(Material provided Opens)

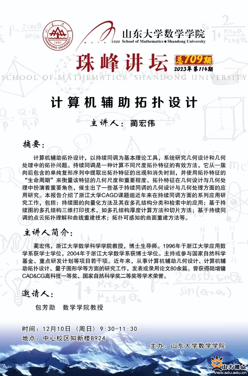 数学学院珠峰讲坛第709期:计算机辅助拓扑设计
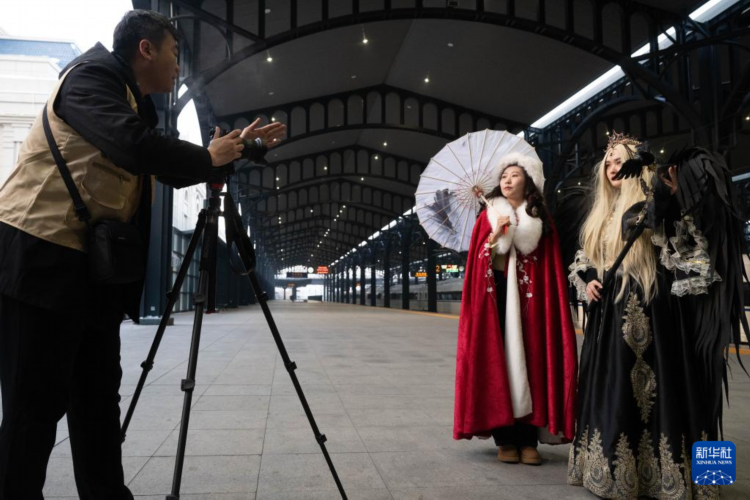 1月2日,在哈尔滨火车站,乘客换完服装准备拍摄。
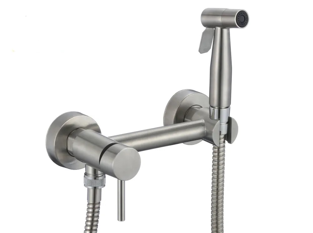 Смеситель с гигиеническим душем выполнен из высокопрочной нержавеющей стали марки 304 и может выдержать давление, в несколько раз превышающее стандарт водонапорной системы дома. Крепкий литой корпус устойчив к механическим повреждениям, а современный дизайн смесителя в черном матовом цвете органично впишется в интерьер любой ванной комнаты.Мелкодисперсный аэратор на распылителе гигиенического душа минимизирует нежелательные брызги и значительно снижает уровень производимого шума. При этом напор воды остается оптимальным для использования сантехнического прибора, не вызывая дискомфорта.Рукоять смесителя для биде комфортна в управлении, а за точную настройку температуры и напора воды отвечает керамический картридж.Смеситель с гигиеническим душем монтируется в стену с помощью минимума необходимы инструментов, в комплекте вы получаете сразу все необходимые детали для полноценного использования оборудования: сам смеситель, шланг, лейку, резиновые прокладки и декоративные настенные накладки-отражатели. Изделие упаковано в заводскую коробку, каждый элемент находится в дополнительной защите.

(Material provided Closes)

Your assignment:
Quote all the lines above exactly as given. Do not include the pictures.

Exercise response:
 数学学院珠峰讲坛第709期:计算机辅助拓扑设计
 1月2日,在哈尔滨火车站,乘客换完服装准备拍摄。
 Смеситель с гигиеническим душем выполнен из высокопрочной нержавеющей стали марки 304 и может выдержать давление, в несколько раз превышающее стандарт водонапорной системы дома. Крепкий литой корпус устойчив к механическим повреждениям, а современный дизайн смесителя в черном матовом цвете органично впишется в интерьер любой ванной комнаты.Мелкодисперсный аэратор на распылителе гигиенического душа минимизирует нежелательные брызги и значительно снижает уровень производимого шума. При этом напор воды остается оптимальным для использования сантехнического прибора, не вызывая дискомфорта.Рукоять смесителя для биде комфортна в управлении, а за точную настройку температуры и напора воды отвечает керамический картридж.Смеситель с гигиеническим душем монтируется в стену с помощью минимума необходимы инструментов, в комплекте вы получаете сразу все необходимые детали для полноценного использования оборудования: сам смеситель, шланг, лейку, резиновые прокладки и декоративные настенные накладки-отражатели. Изделие упаковано в заводскую коробку, каждый элемент находится в дополнительной защите.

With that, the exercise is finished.